WHAT IS NEEDED:
Leave out the pictures and retype, exactly, the lines below from the line with "2019(平成31)年2月3" up to and including the line with "중거리 촬영으로 남자와", nothing more.

RECORD SET:
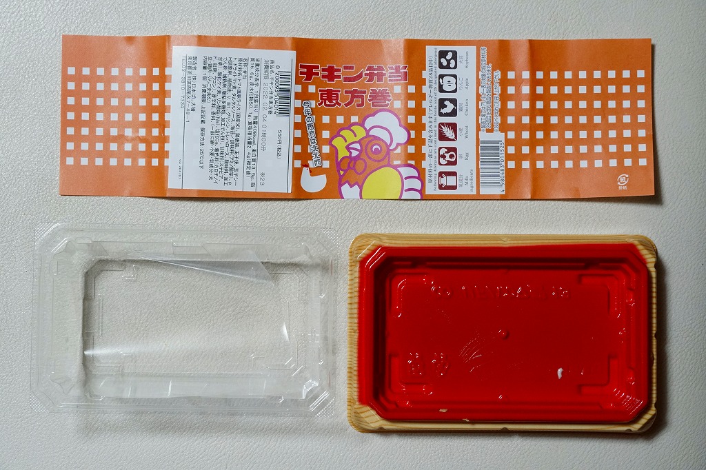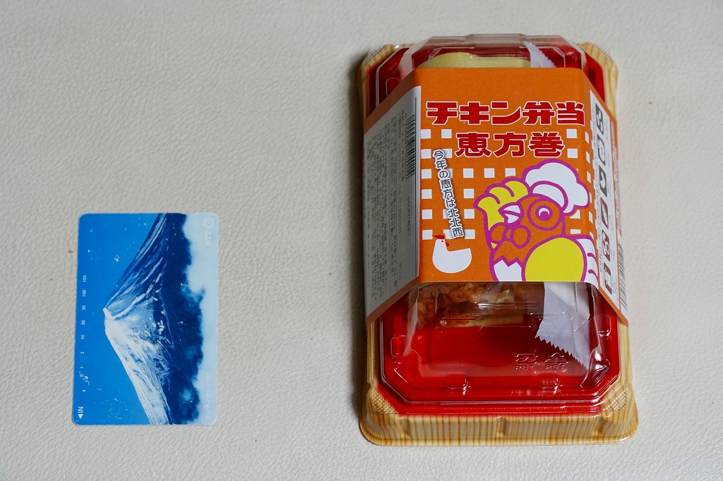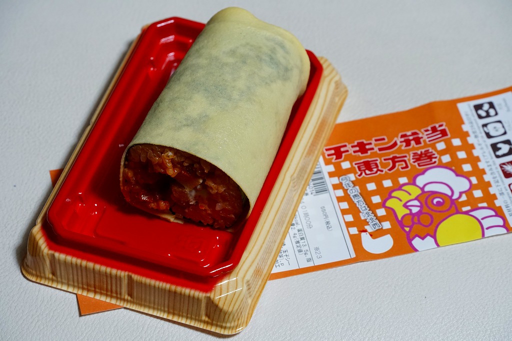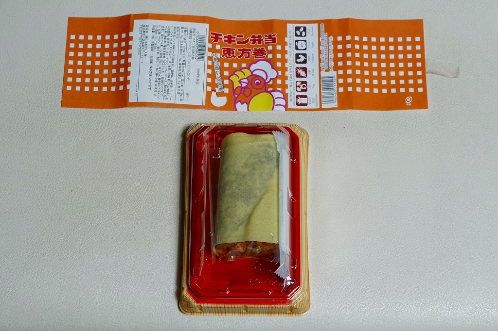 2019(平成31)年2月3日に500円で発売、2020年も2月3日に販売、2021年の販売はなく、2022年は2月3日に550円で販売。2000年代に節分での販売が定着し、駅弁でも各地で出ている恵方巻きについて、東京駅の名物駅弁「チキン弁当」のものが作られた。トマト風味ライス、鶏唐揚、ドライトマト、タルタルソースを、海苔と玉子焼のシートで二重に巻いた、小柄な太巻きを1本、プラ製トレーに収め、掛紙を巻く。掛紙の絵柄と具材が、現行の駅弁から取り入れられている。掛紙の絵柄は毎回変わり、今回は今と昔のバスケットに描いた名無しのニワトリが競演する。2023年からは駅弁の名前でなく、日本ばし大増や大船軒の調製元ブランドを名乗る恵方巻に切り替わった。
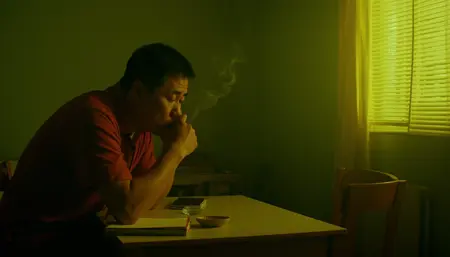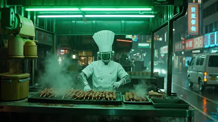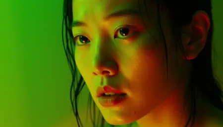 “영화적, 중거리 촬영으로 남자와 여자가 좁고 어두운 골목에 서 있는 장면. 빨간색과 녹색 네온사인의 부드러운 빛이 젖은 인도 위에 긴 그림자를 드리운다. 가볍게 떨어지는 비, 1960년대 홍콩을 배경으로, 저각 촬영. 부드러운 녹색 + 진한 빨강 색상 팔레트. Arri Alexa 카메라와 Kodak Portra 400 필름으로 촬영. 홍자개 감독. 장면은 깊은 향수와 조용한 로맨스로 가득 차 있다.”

* * *

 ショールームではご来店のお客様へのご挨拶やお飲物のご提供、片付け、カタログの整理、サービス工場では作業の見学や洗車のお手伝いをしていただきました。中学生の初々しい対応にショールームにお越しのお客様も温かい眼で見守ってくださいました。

EXERCISE RESULT:
 2019(平成31)年2月3日に500円で発売、2020年も2月3日に販売、2021年の販売はなく、2022年は2月3日に550円で販売。2000年代に節分での販売が定着し、駅弁でも各地で出ている恵方巻きについて、東京駅の名物駅弁「チキン弁当」のものが作られた。トマト風味ライス、鶏唐揚、ドライトマト、タルタルソースを、海苔と玉子焼のシートで二重に巻いた、小柄な太巻きを1本、プラ製トレーに収め、掛紙を巻く。掛紙の絵柄と具材が、現行の駅弁から取り入れられている。掛紙の絵柄は毎回変わり、今回は今と昔のバスケットに描いた名無しのニワトリが競演する。2023年からは駅弁の名前でなく、日本ばし大増や大船軒の調製元ブランドを名乗る恵方巻に切り替わった。
 “영화적, 중거리 촬영으로 남자와 여자가 좁고 어두운 골목에 서 있는 장면. 빨간색과 녹색 네온사인의 부드러운 빛이 젖은 인도 위에 긴 그림자를 드리운다. 가볍게 떨어지는 비, 1960년대 홍콩을 배경으로, 저각 촬영. 부드러운 녹색 + 진한 빨강 색상 팔레트. Arri Alexa 카메라와 Kodak Portra 400 필름으로 촬영. 홍자개 감독. 장면은 깊은 향수와 조용한 로맨스로 가득 차 있다.”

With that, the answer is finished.